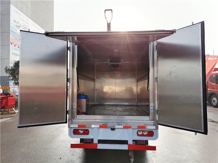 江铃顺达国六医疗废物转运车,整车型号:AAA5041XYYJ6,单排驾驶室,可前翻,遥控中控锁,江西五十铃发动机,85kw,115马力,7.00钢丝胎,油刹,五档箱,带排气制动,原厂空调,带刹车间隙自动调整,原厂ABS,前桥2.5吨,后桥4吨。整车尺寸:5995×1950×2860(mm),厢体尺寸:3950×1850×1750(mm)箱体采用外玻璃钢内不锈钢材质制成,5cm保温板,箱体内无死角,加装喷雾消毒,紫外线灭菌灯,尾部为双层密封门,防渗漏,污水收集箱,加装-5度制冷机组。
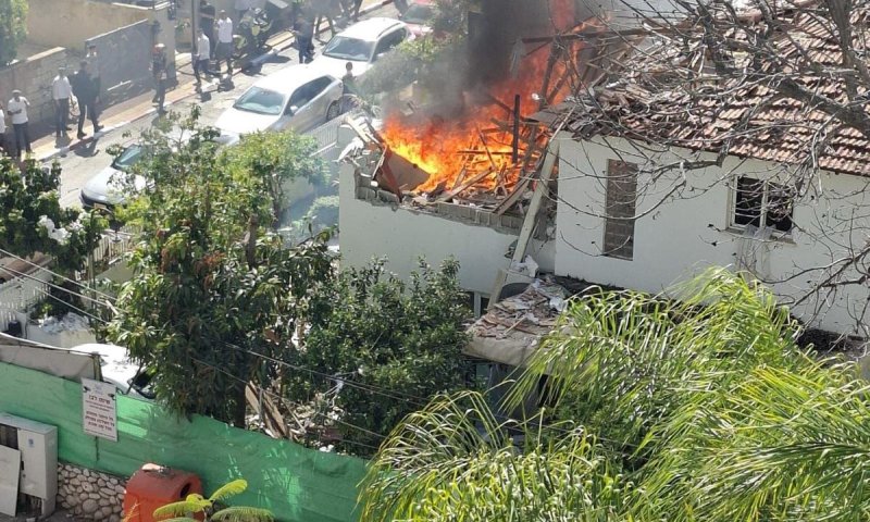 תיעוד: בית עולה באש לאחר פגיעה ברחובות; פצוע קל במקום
--
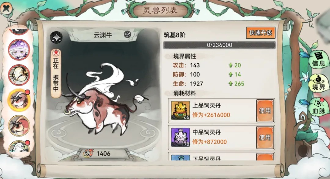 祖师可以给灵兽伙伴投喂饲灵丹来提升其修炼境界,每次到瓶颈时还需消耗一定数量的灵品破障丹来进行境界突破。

Exercise requirements
Beginning with the line that contains "江铃顺达国六医疗废物转运车,整车型号:A", write out the lines of the material above exactly, and end with the line that contains "תיעוד: בית עולה". Omit the pictures.

Written response
 江铃顺达国六医疗废物转运车,整车型号:AAA5041XYYJ6,单排驾驶室,可前翻,遥控中控锁,江西五十铃发动机,85kw,115马力,7.00钢丝胎,油刹,五档箱,带排气制动,原厂空调,带刹车间隙自动调整,原厂ABS,前桥2.5吨,后桥4吨。整车尺寸:5995×1950×2860(mm),厢体尺寸:3950×1850×1750(mm)箱体采用外玻璃钢内不锈钢材质制成,5cm保温板,箱体内无死角,加装喷雾消毒,紫外线灭菌灯,尾部为双层密封门,防渗漏,污水收集箱,加装-5度制冷机组。
 תיעוד: בית עולה באש לאחר פגיעה ברחובות; פצוע קל במקום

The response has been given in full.